В замечательных описаниях степи («Старосветские помещики» и «Тарас Бульба») все самое мельчайшее и незаметное начинает звучать, подниматься, играть цветами и запахами, рельефами, линией горизонта. Образ степи предстает как многослойная атмосфера, парящая над землей, подымающаяся как пар, или туман, и эти стойкие испарения, вся эта масса степных запахов, и все охватывающий и резонирующий во всем лад звучаний так же наделяет степь необычайной летучестью и подвижностью.

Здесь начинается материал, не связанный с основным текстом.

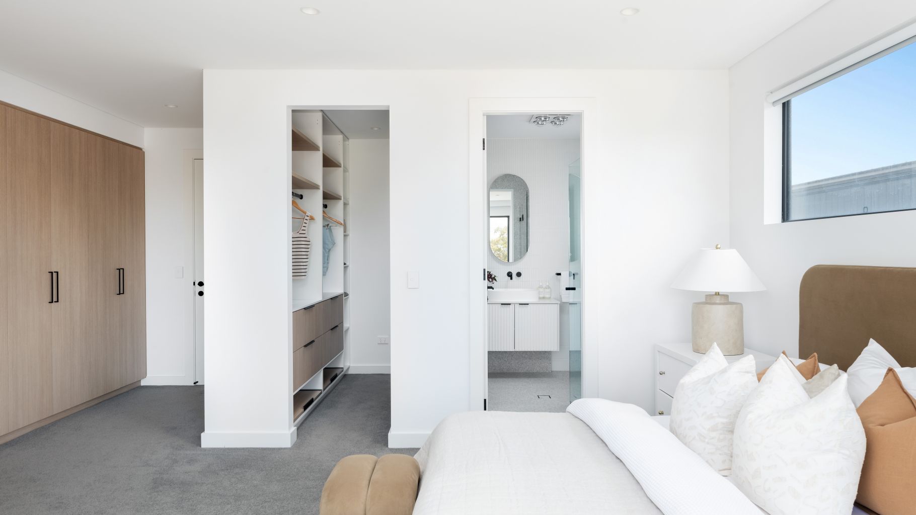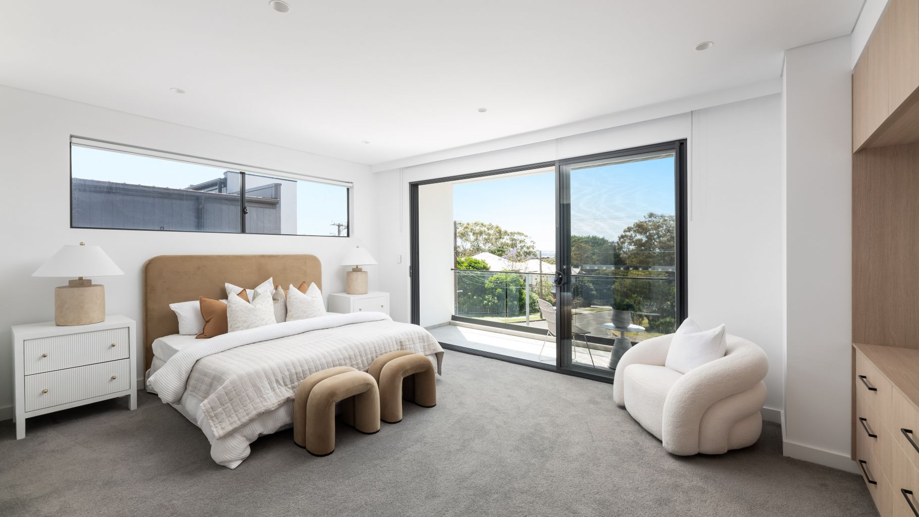 - Private master suite with its own balcony capturing distant Botany Bay water views, featuring a walk-in wardrobe, custom cabinetry and a beautifully appointed ensuite with dual shower heads, frameless glass screen and LED touch screen mirror.

«Степь, чем далее, тем становилась прекраснее. Тогда весь юг, все то пространство, которое составляло нынешнюю Новороссию, до самого Черного моря, было зеленою девственной пустынею. Никогда плуг не проходил по неизмеримым волнам диких растений. Одни только кони,
130
скрывавшиеся в них как в лесу, вытаптывали их. Ничто в природе не могло быть лучше их. Вся поверхность земли представлялася зелено-золотым океаном, по которому брызнули миллионы разных цветов. Сквозь тонкие, высокие стебли травы сквозили голубые, синие, лиловые волошки; желтый дрок выскакивал вверх своею пирамидальною верхушкою; белая кашка зонтикообразными шапками пестрела на поверхности; занесенный, бог знает откуда, колос пшеницы наливался в гуще. Под тонкими их корнями шныряли куропатки, вытянув свои шеи. Воздух был наполнен тысячью разных птичьих свистов. В небе неподвижно стояли ястребы, распластав свои крылья и неподвижно устремив глаза свои в траву. Крик двигавшейся в стороне тучи диких гусей отдавался бог знает в каком дальнем озере. Из травы подымалась мерными взмахами чайка и роскошно купалась в синих волнах воздуха. Вот она пропала в вышине и только мелькает одною черною точкою. Вот она перевернулась крыла-ми и блеснула перед солнцем. Чорт вас возьми, степи, как вы хороши!…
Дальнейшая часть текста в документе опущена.